As he spoke, he felt exposed, open, as transparent as he'd ever been in his life. But Lynda had already seen farther into him than anyone else ever had. “I think you're changing, Jake.”
He breathed a laugh. “Oh, yeah? You think so?”
She smiled. “I don't think the old Jake would ever have admitted guilt.”
“Well, I've had a lot of time to think about it over the last few weeks.”
Her smile faded. “Have you been thinking about going home, Jake?”
He averted his eyes again and studied the trunk of the tree next to him. “Home where? I've thought of going back to Texas to finish my therapy there. There are people there I could probably stay with. That is, if they aren't too repulsed by me. I haven't even told them I've been hurt.”
She wasn't sure why that disappointed her. “Is that what you want to do?” she asked.
He sighed. “I don't know. It honestly feels like I'm somebody else now. Like the Jake Stevens they all knew is dead. And here I am in his useless shell, trying to figure out who I am now. And nothing against all my friends, but most of them are kind ofâself-centered. I can't see them wanting to help out an invalid.”
“You're not an invalid,” she said. “You're just in transition. You need time.”

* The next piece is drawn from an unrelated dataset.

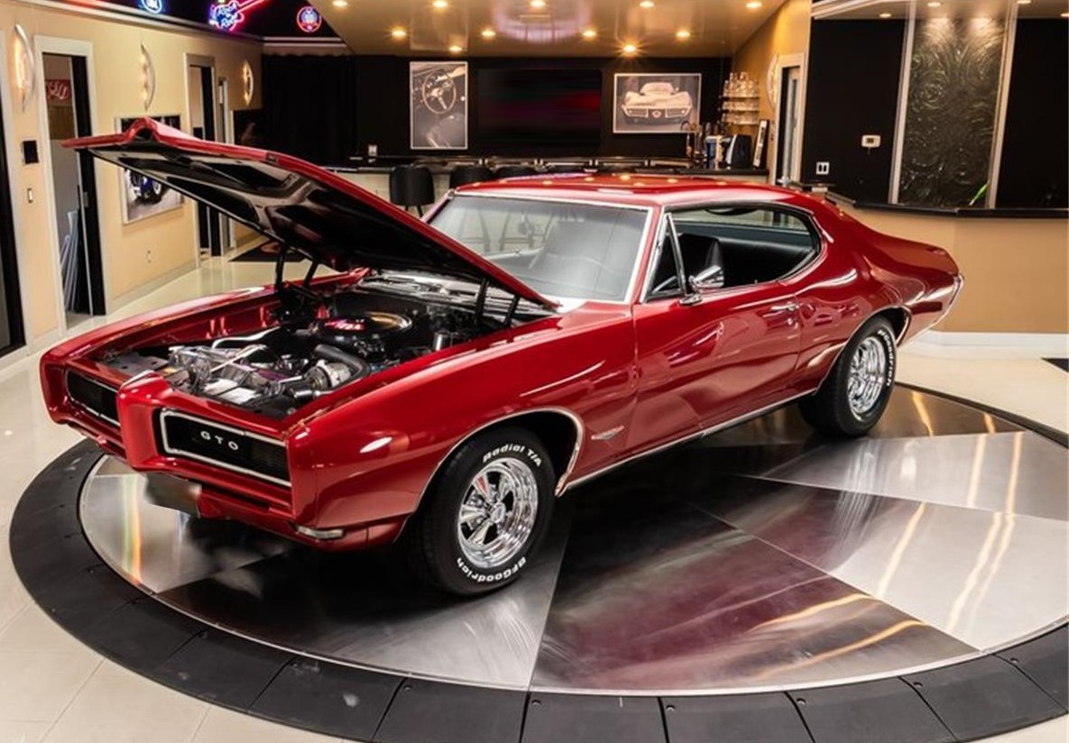 1968 Pontiac GTO. This GTO has a beautifully straight body, Tri Coat Red Paint finish, Black Interior, Hood Scoops, Hideaway Headlights, New Chrome Cragar Wheels, along with Polished Components inside and out that s sure to turn heads wherever you go.

Something about that sweet declaration made his heart soften, and he smiled at her. She leaned forward, her big, round eyes drilling into his, and he wondered how she had managed to make him risk more honesty with her than he'd ever risked with anyone else. Even himself.
“I had an idea,” she said. “But I don't know how you'll feel about it.”
“What?”
She averted her eyes and studied her hands. “I've been staying at my father's house, and there's a garage apartment there that used to be mine. It's got a small kitchen, a refrigerator, and a bathroom, and it's pretty comfortable.” She made herself meet his gaze. “I was thinking that . . . maybe when they release you . . . you could stay there. I could take care of all your meals, transport you back and forth to the hospital for your therapy every day, and help you in whatever way you needed. But you'd still have your privacy.”
A lump the size of Wyoming formed in his throat, and he gaped at her, not believing that he'd heard her right. “I couldn't, Lynda. That's too much of an imposition. You're recovering, too. The last thing you need is somebody like me in your way.”
“You won't be in the way. You'd have your own place. You won't have to worry about rent or food or anything for a while. I have someone else staying with me, a client of mine and her daughter. She's hiding from her abusive ex-husband until we can get into court. Between his shenanigans and the stuff that's already happened to me, we're both a little paranoid. It might be nice to have a man around the house.”